I work for a kidney transplant doctor and he says insulin ruins your kidneys. That combined with the info in this article is EXTREMELY discouraging.
And doctors, and even worse nurses, seem to want to make you feel as though it IS your fault that you have diabetes in the first place and that it kind of serves you right for having it. My mother when she died at 93 still felt like she was "bad" because her doctor kept telling her she was going to get diabetes if she didn't eat better and lose weight.
I was listening to Governor Huckabee tout a diabetes kit that cured his type 2 diabetes. Is that possible?
If you have Type 1 diabetes, no, you cannot go back to pills.
If you are type 2 diabetes before now became type 1 put on insulin is this permanent?Is there a chance to go back with the pill and not taking shot?
I am diabetic in the sense my fasting glucose is higher than it should normally be; but not very high. I do not take insulin nor any medicine. I take every day a bowlful of salad consisting of broccoli, bitter melon, carrots, spinach, almonds, walnuts, amongst other things.

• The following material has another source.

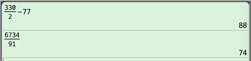 6734/91 = 74 = W

I have been able to maintain A1C in the range of 5.4-5.8. Of course, I do take at least half-a-mile walk every day after dinner. I am a professor and keep my health as fit as fiddle to fight.
I think the drugs we are given to help manage diabetes, in turn are slowly what ends up killing us. I've had high blood pressure since 1996 and have taken a gazillion different meds to lower it and none have ever worked. 2007 my feet began stinging so bad I wanted to die, most times now they still feel the same. Always told that I did NOT have diabetes, BG under 120. ONE month ago, I was just told I DO have diabetes! Really??? Now I'm taking Metformin 1000mg a day, and my blood sugar is always around 113 to 120, and I have a headache and backache and my feet still sting/burn! Of course the blood pressure is still high. 164/105 most everyday, sometimes higher.
thanks.. I'm at that stage now.. I am so depressed. I went from 318 pounds when diagnosed down to 255. Been taking metformin 750 mg 2 in the morning and 1 at night. My sugars had been doing well with exercise and diet, now I struggle to keep below 200 after eating. Bruce Smith
I am a former Certified Diabetes Educator. On the first and subsquent visits with individuals who were diagnosed with diabetes I stressed that diabetes is a progressive disease and the most important thing was to control blood sugars to prevent complications. I am not sure how many people actually heard that it was a progressive disease. It was difficult at times to encourage individuals who had controlled their BS for many years and now neede change in medication. I tried to be the encourager.
That's SO disappointing. I thought diet/exercise would mean no insulin but this article makes it seem inevitible. I work in Urology and the transplant doc told me that insulin ruins your kidneys. What a truly wicked disease.